However, in the digital circuit design, due to the influence of truncation errors, the digital chaotic system can deviate from a preset track in the iteration process, and chaotic degradation behaviors are caused. The digital chaotic system is a chaotic system which is simulated on a computer, however, the precision problem of the computer can cause a numerical value which can be completely evolved theoretically, the numerical value cannot be calculated in the computer, and the situation of a short period phenomenon or a blank window can occur. Therefore, how to overcome the problems of short period phenomenon, narrow parameter range, blank window and the like of the chaotic system becomes a new research direction.
Disclosure of Invention
The invention provides a novel pseudo random number generation method based on a multi-time-lag non-adjacent coupling lattice aiming at the problems of short period phenomenon, narrow parameter range, blank window and the like of a chaotic system in the prior art, and the method comprises the steps of generating a chaotic sequence by cascading Logistic mapping and piecewise linear mapping (PWLCM); error measurement is carried out on the Chebyshev mapping and the Logistic mapping by using an unscented Kalman filtering algorithm, and the precision loss is compensated by adding random disturbance; time-lag time-varying functions are used for disturbing the time direction of non-adjacent coupling mapping lattices, the problem that the cycle window and the pseudo-random sequence are not uniformly distributed in the iterative process of chaos is solved, and the chaos degradation behavior of a chaotic system can be effectively resisted.
In order to achieve the purpose, the invention adopts the technical scheme that: the novel pseudo-random number generation method based on the multi-time-lag non-adjacent coupling lattices comprises the following steps:
s1, setting system parameters: setting unscented Kalman filter parameters, Logistic, Chebyshev functions, lattice numbers and iteration times;
s2, constructing a state equation and an observation equation of an unscented Kalman filter for measuring a Logistic function and a Chebyshev function, and setting the precision value of a quantization function;
s3, calculating the mean and variance of the state prediction, sampling the prediction system, determining sampling points, and calculating the mean and covariance estimation of the sampling points; carrying out nonlinear transfer on the Logistic function and the Chebyshev function by using a sampling point, and calculating a predicted mean value and a predicted variance;
s4, measuring and updating, namely calculating a mean value, a variance and a covariance by using the sampling points at the K moment obtained in the step S3 and the corresponding weights, and further calculating a filtering gain, a state estimation and an estimation variance at the K +1 moment to obtain state estimation values of Logistic and Chebyshev;
s5, constructing a time-varying system, generating a disturbance weight: substituting the state estimation values of Logistic and Chebyshev obtained in the step S4 into a time-lag time-varying function to obtain a disturbance weight; adding the calculated disturbance weight value to the initial value given in step S1;
and S6, substituting the disturbance weight value, the state estimation value and the like obtained in the steps S4 and S5 into the non-adjacent coupling lattice function, and calculating and generating a random number.
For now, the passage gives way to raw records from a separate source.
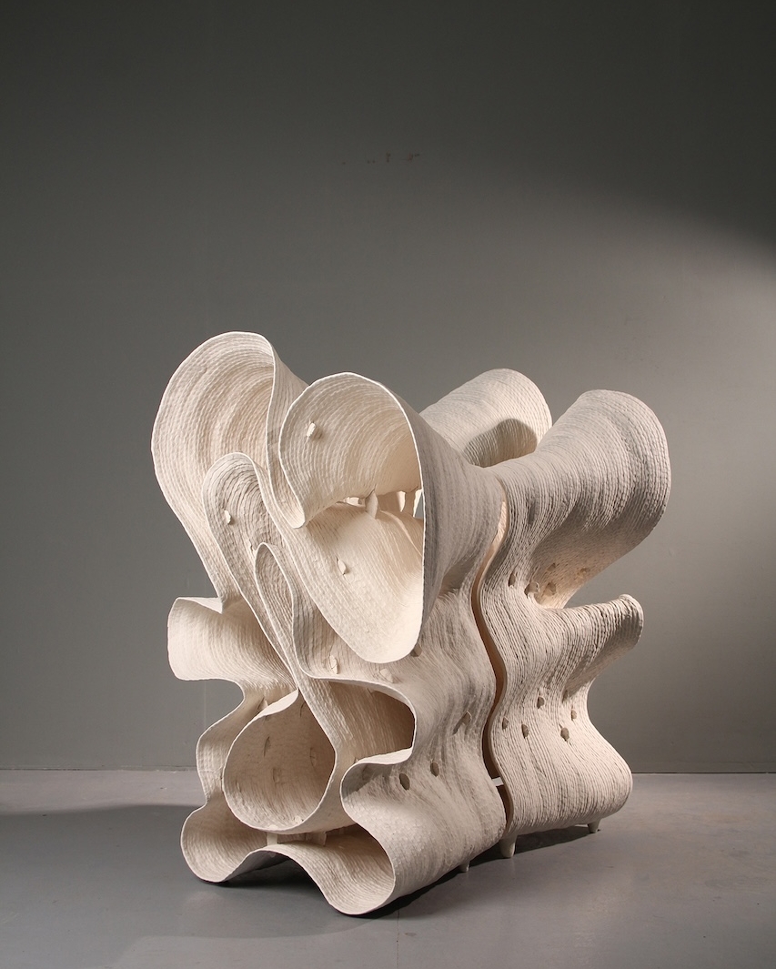 美國著名建築師路易斯.康(Louis Kahn, 1901-1974)曾經針對磚塊作為建築的最基礎構件,如何盡其材質之能,以臻極致之用,提出詩意的反芻。追求形體極大與極薄的徐永旭,除了全身性的動員,亦須試煉材料的物質極限。陶瓷在窯燒之前,先以溼軟的黏土狀態存在;其體量與結構不僅受材質自身的物理性及重力所致的雙重應力牽制,更可能在超過攝氏1,200度的燒製過程中,充滿不確定的變數。因此,他得先確認黏土在雕塑階段,已經解決應力的問題,才不至於因為極度高溫的熱流振盪,導致結構崩塌。再者,為求充分掌控陶瓷的燒成條件,儘可能消泯不確定因素,以確保良率,他還需要更多的科學理性。從陶土/瓷土的揀選、窯爐的規格、作品的進出、瓦斯火焰的勻稱度,以至窯溫的恆定性等各種設計,徐永旭最終完成了一套獨門的建窯與燒製技術。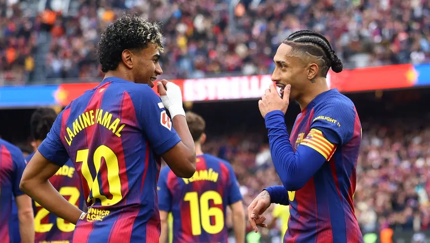 لاعب برشلونة لامين يامال يحتفل بالتسجيل ضد فياريال في الدوري الإسباني مع رافينيا  -  28 فبراير 2026 - Reuters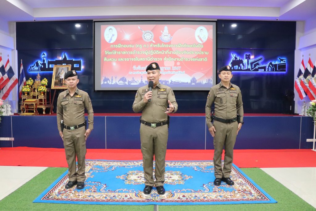 ร่วมพิธีเปิดการฝึกอบรมครูฝึก (ครู ค.) สำหรับโครงการฝึกทักษะยิงปืนให้แก่ ข้าราชการตำรวจผู้ปฏิบัติหน้าที่งานป้องกันปราบปราม สืบสวน และจราจรในสถานีตำรวจ ตำรวจภูธรจังหวัดบุรีรัมย์ ประจำปีงบประมาณ พ.ศ.2567 ณ หอประชุมชัยจินดา ภ.จว.บุรีรัมย์ อ.เมือง จ.บุรีรัมย์
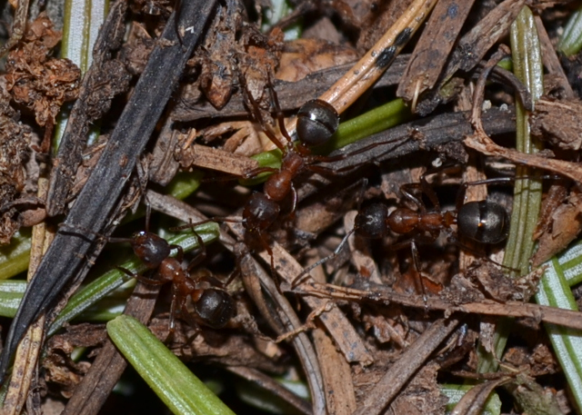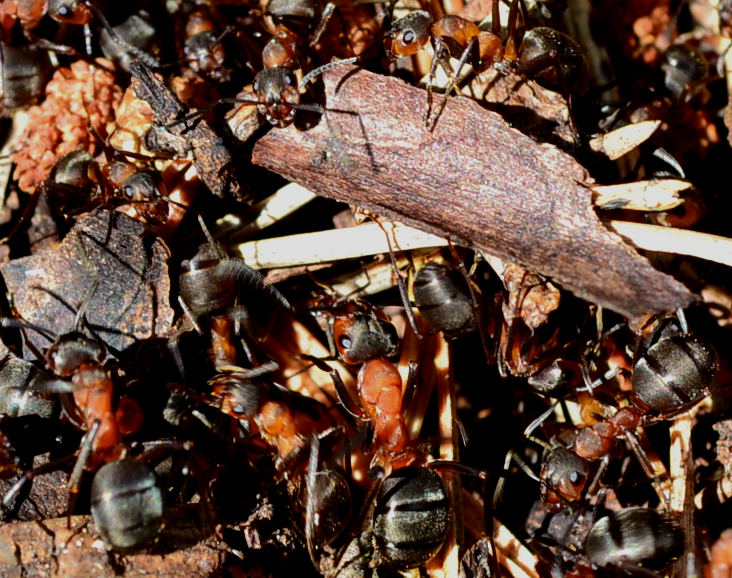 Auf dem 2. Bild sind deutlich Kiefernnadeln zu sehen. Wenn die Tiere in der Lage sind, sie von einer Kiefer zu ihrem Nest zu transportieren, können sie die Bäume auch zur Suche nach Honigtau belaufen.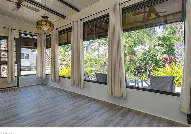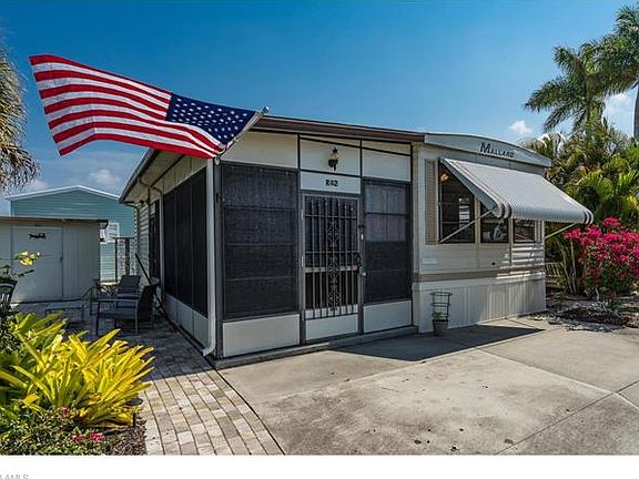 PET FRIENDLY, 2bed / 1bath home in beautiful, 55+ gated community. Clean Clean Clean!!! Homeowner owns lot (no lot fees!). Brand new vinyl plan (waterproof) flooring throughout. Spacious "Florida Room" overlooks the private side patio and lush garden. Washer/Dryer located in Shed on patio and has potential hookup inside. Partially furnished. New central A/C. Gulf access. America Outdoors offers private-inexpensive living with a clubhouse, pool, and other ammenities. Located minutes to Gulf Coast Town Center, Coconut Point Mall, RSW International Airport, and 15 minutes to the Gulf Beaches.
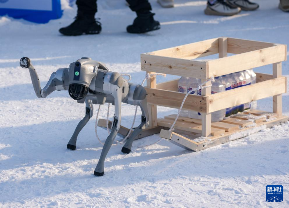 1月10日,多足仿生机器人在雪橇运输赛中。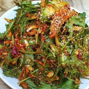 채소들이 쌉쌀하니 시큼 달달한 소스와 잘 어울리는 맛이예요.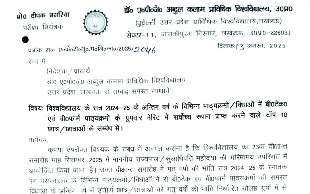 Dr. A P J Abdul Kalam Technical University AKTU ने अभी अभी आज 31 जुलाई 2025 को ऑफिशियल नोटिस जारी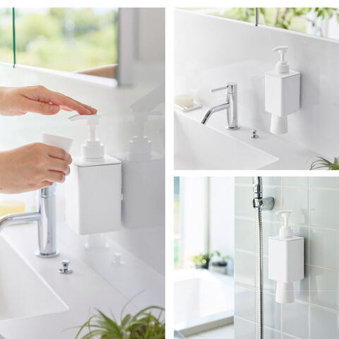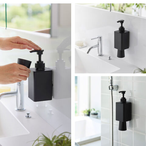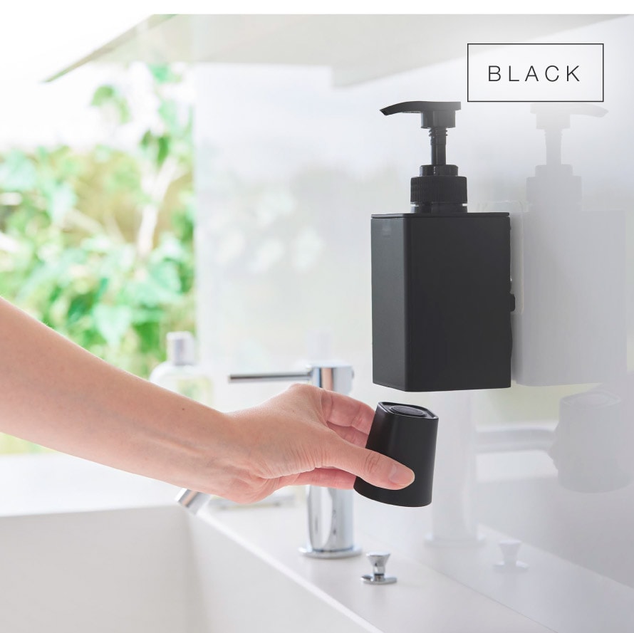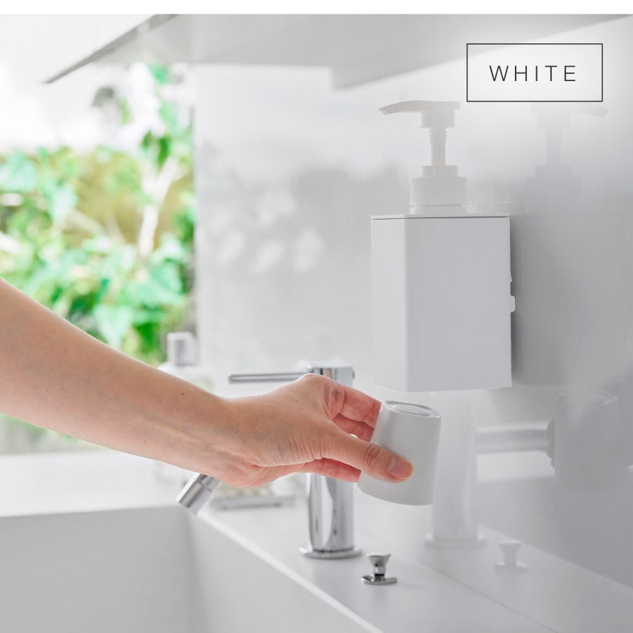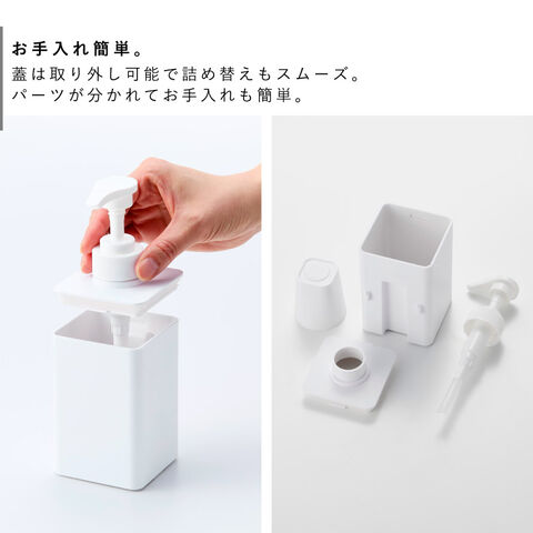 蓋は取り外し可能で詰め替えもスムーズ。パーツが分かれてお手入れも簡単。付属のタンブラーはディスペンサー底面にマグネットで収納でき、使用後もすっきりまとまる設計です。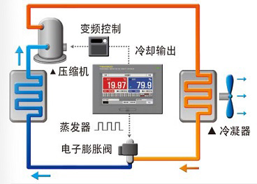 以加熱·冷卻輸出控制變頻器與調(diào)節(jié)電子膨脹閥,控制各區(qū)間的冷媒量 來調(diào)節(jié)被浪費(fèi)的加熱量及控制冷凍機(jī)來實(shí)現(xiàn)節(jié)能。(變頻控制為選項(xiàng)) |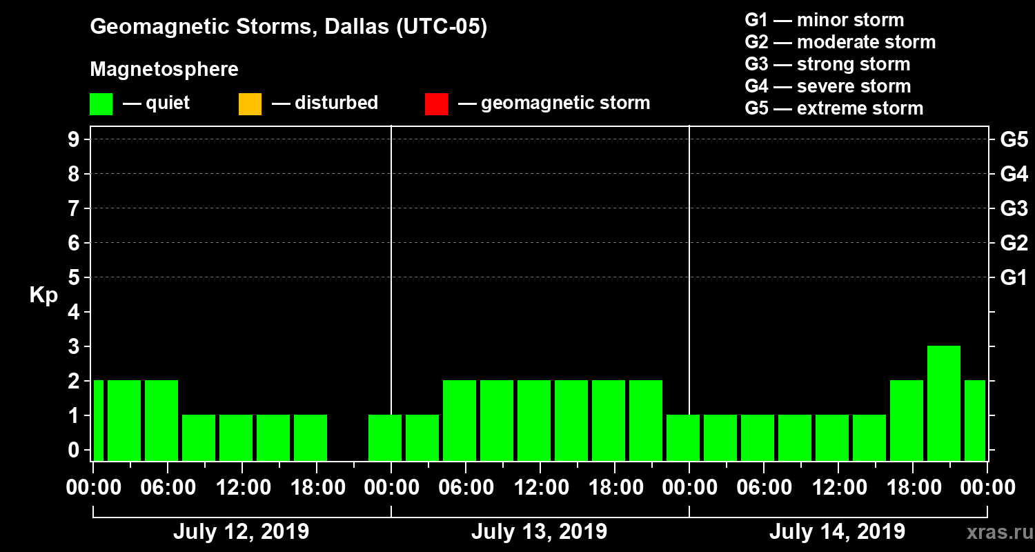 Geomagnetic storms in Dallas in July 2019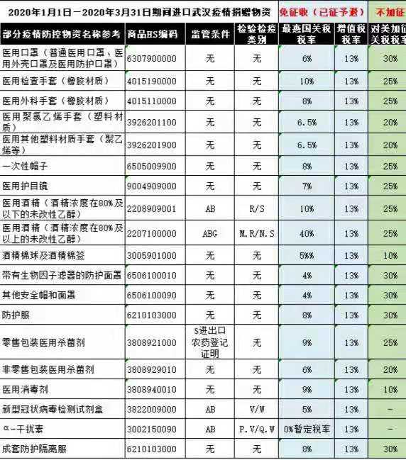 2020年2月1日,財政部 海關(guān)總署 稅務(wù)總局發(fā)布聯(lián)合公告,為進(jìn)一步支持新型冠狀病毒肺炎疫情防控工作,自2020年1月1日至3月31日,實行更優(yōu)惠的進(jìn)口稅收政策。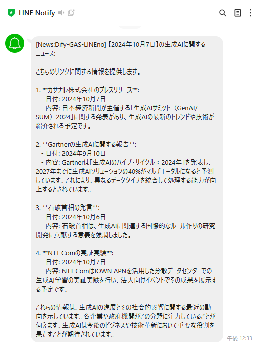 例)毎日12時~13時に「生成AI」に関するニュースを提供してくれます。

As a refinement of the present invention, the step S2 further includes:
s21, after iterating the Logistic mapping and the Chebyshev mapping for a specified number of times, counting the mean value and the variance of the iterated sequence;
s22, constructing a state equation and an observation equation of unscented Kalman filter measurement Logistic mapping and Chebyshev mapping;
s23, setting the precision value of the quantization function.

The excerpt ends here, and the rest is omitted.